Below are records; the lines starting at the one with "Chaqueta deportiva de" and ending at the one with "4、不只是电影:透过电影看世" must be reproduced exactly, both included. Pictures must not appear.

Data extracted from a collection:

┏━━

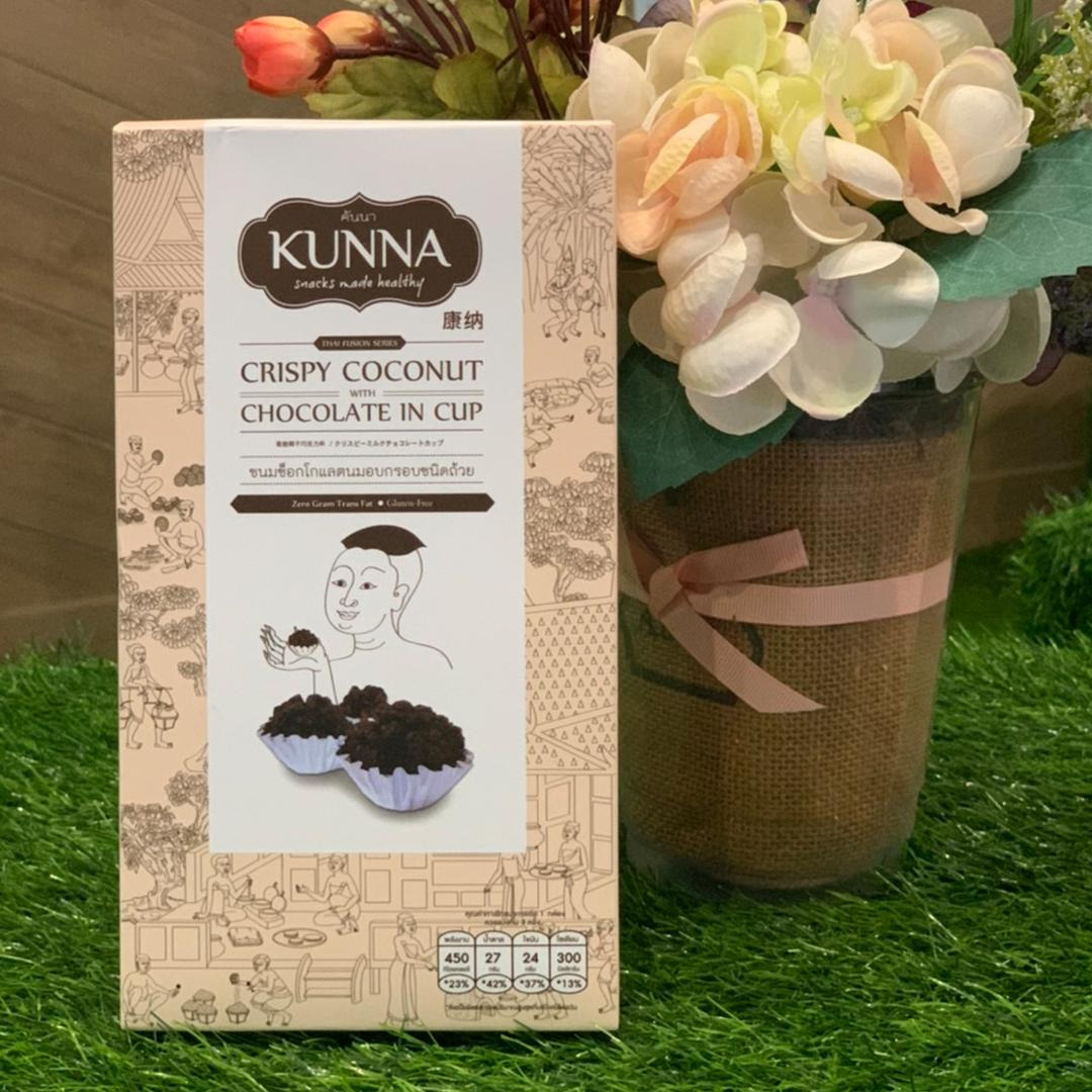 ✔️ Kunna는 태국에서 생산되는 고급 스낵브랜드로, 태국산 코코넛을 바삭하게 구운 후 초콜릿을 입혀 만든 코코넛 초콜릿 컵이 인기 있습니다.
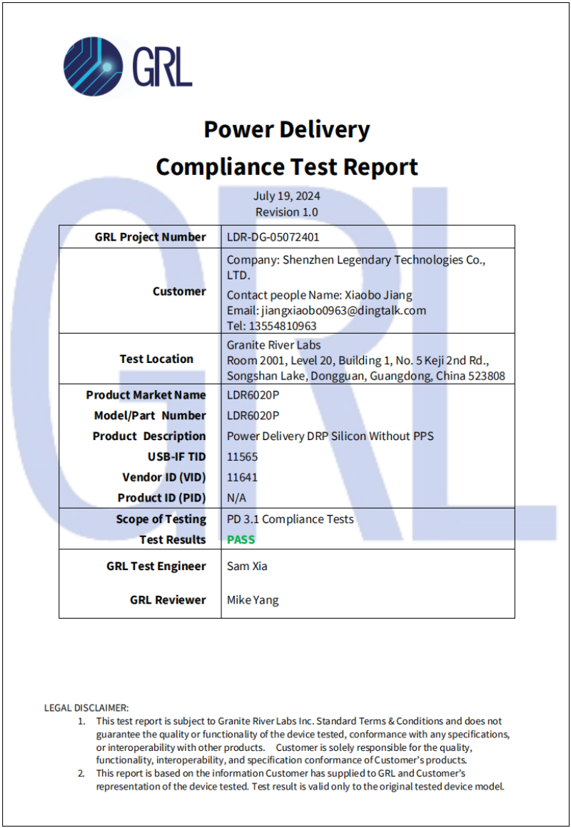 圖1 LDR6020P USB-IF認(rèn)證截圖
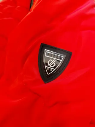 Chaqueta deportiva de color rojo, ideal para actividades al aire libre. - Diseño ligero y funcional. - Cremallera frontal completa. - Escudo del equipo en el pecho.
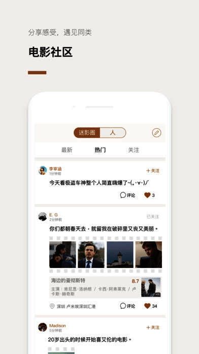 4、不只是电影:透过电影看世界,更加精彩,看时尚先锋、精致美食、天涯孤旅、情感两性,参与热门话题讨论,世界有你更精彩;
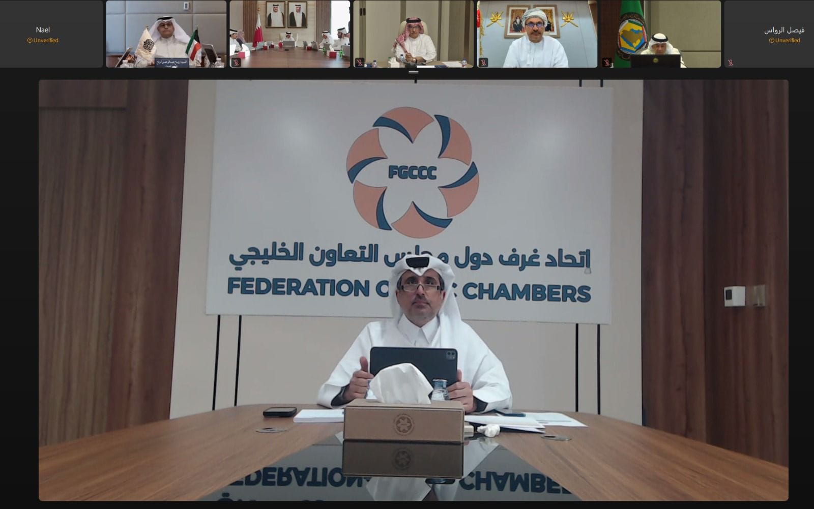 عقد مجلس إدارة اتحاد غرف دول مجلس التعاون الخليجي اجتماعه الـ68 عبر تقنية الاتصال المرئي برئاسة الشيخ خليفة بن جاسم بن محمد آل ثاني، رئيس الاتحاد ورئيس غرفة قطر، وبمشاركة أصحاب السعادة رؤساء الاتحاد والغرف التجارية والصناعية بدول مجلس التعاون الخليجي، السيد صالح بن حمد الشرقي الأمين العام للاتحاد.
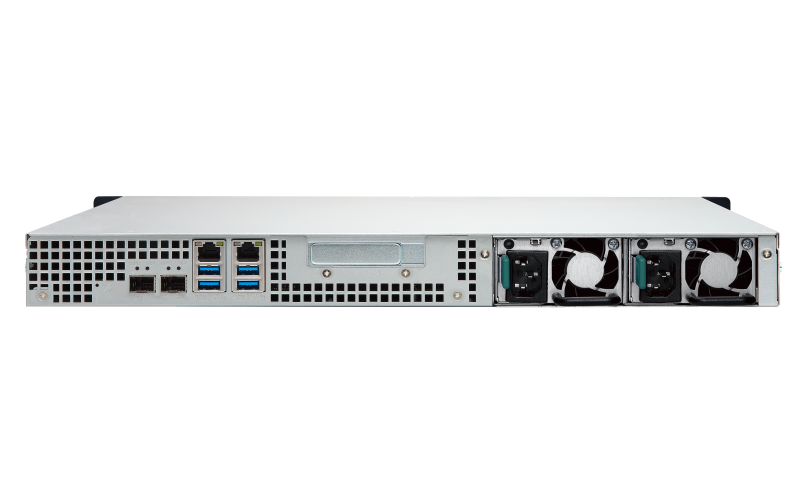 支持 10GbE 传输速度、SMB 入门级机架式 NAS,配备两个 SFP+ 埠、一个 PCIe 2.0 ×2 插槽和备援电源供应器
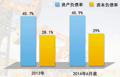 根据披露数据,股份公司上半年实现了“一稳”,即负债率保持稳定,现金流明显改善。2014年6月30日,资产负债率、资本负债率分别为45.9%和29.0%,与期初相比基本持平;经营现金流持续增加,上半年经营现金流1335亿元,同比增长30.8%,自由现金流净额38亿元,同比增加358亿元,财务状况稳健向好。
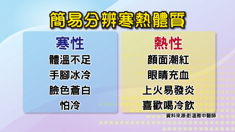 寒性體質的身體機能和代謝活動都較衰退,體溫不足、手腳冰冷、臉色蒼白、怕冷;熱性者則顏面潮紅、眼睛充血、身體上火易發炎、喜歡喝冷飲
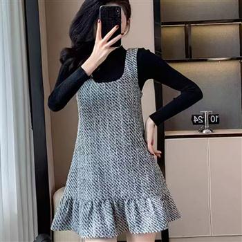 YF3923-图片色秋冬千鸟格吊带褶折荷叶边小香风背心裙 时尚百搭连衣裙
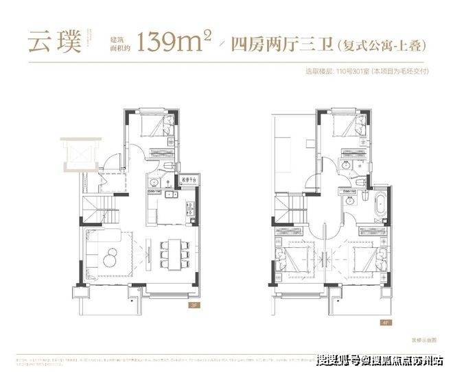 项目叠墅户型有建面约142㎡下叠,建面约139㎡上叠。
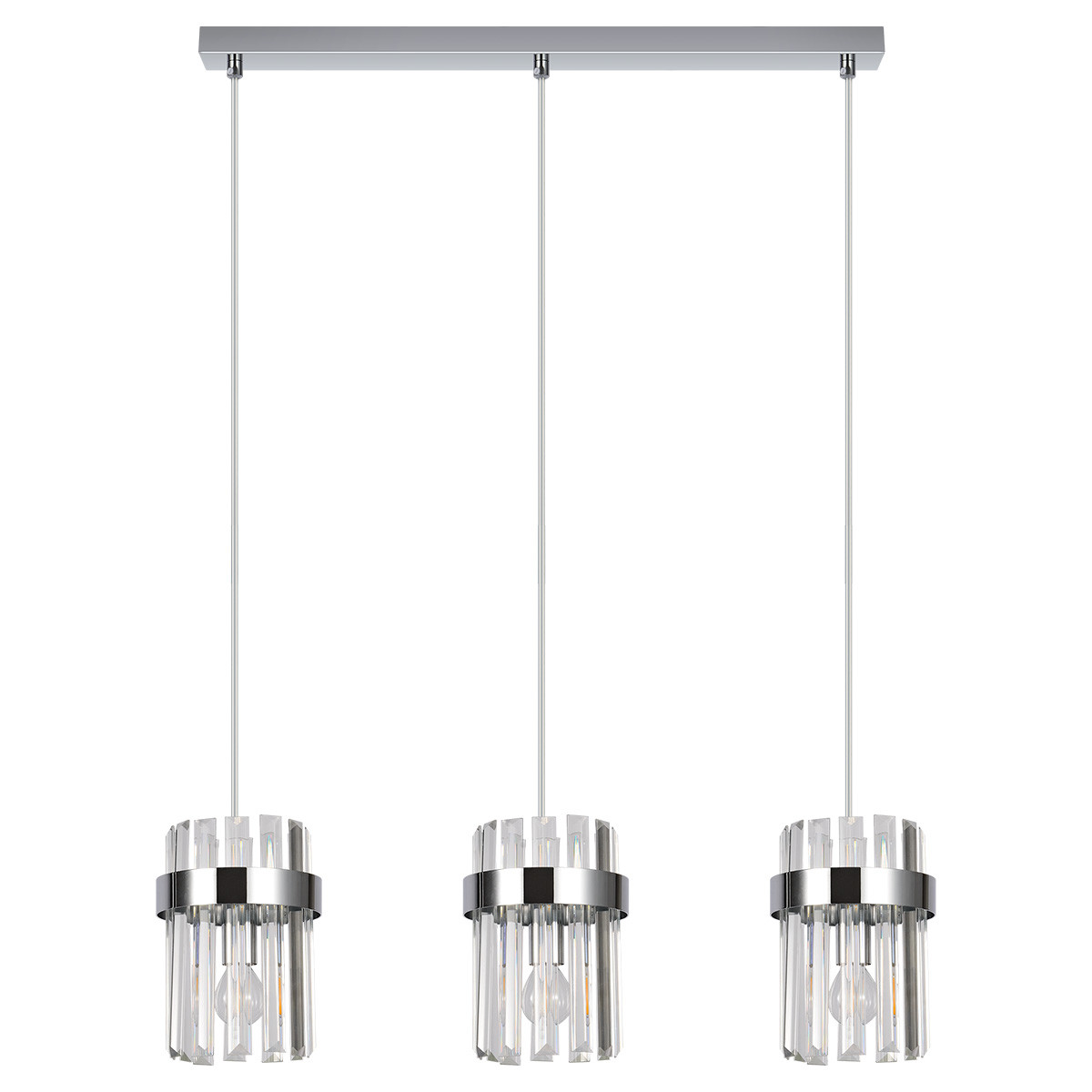 Srebrna lampa wisząca z kolekcji Vetro to połączenie elegancji i prostoty w nowoczesnym wydaniu. Podsufitka została wykonana z metalu w kolorze chromu, a klosze z transparentnego szkła. Przezroczyste elementy efektownie rozpraszają światło, tworząc przyjemną atmosferę we wnętrzu. Model przeznaczony jest do żarówek z gwintem E14. Lampa doskonale sprawdzi się nad stołem, wyspą kuchenną lub w innych strefach, gdzie liczy się zarówno funkcjonalność, jak i estetyka.
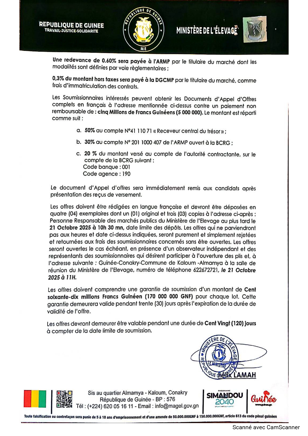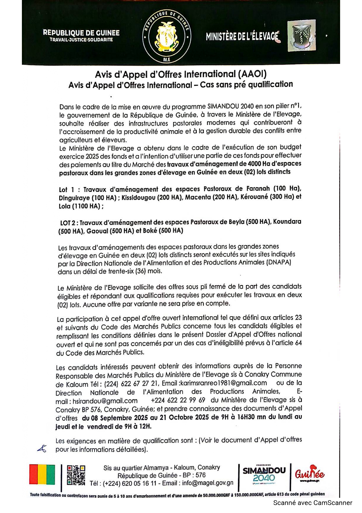 > Avis d'appel d'offres pour le Marché des travaux d'aménagement de 4000 Ha d'espaces pastoraux dans les grandes zones d'élevage en Guinée en deux (02) lots distincts

┗━━

FINISHED TASK
 Chaqueta deportiva de color rojo, ideal para actividades al aire libre. - Diseño ligero y funcional. - Cremallera frontal completa. - Escudo del equipo en el pecho.
 4、不只是电影:透过电影看世界,更加精彩,看时尚先锋、精致美食、天涯孤旅、情感两性,参与热门话题讨论,世界有你更精彩;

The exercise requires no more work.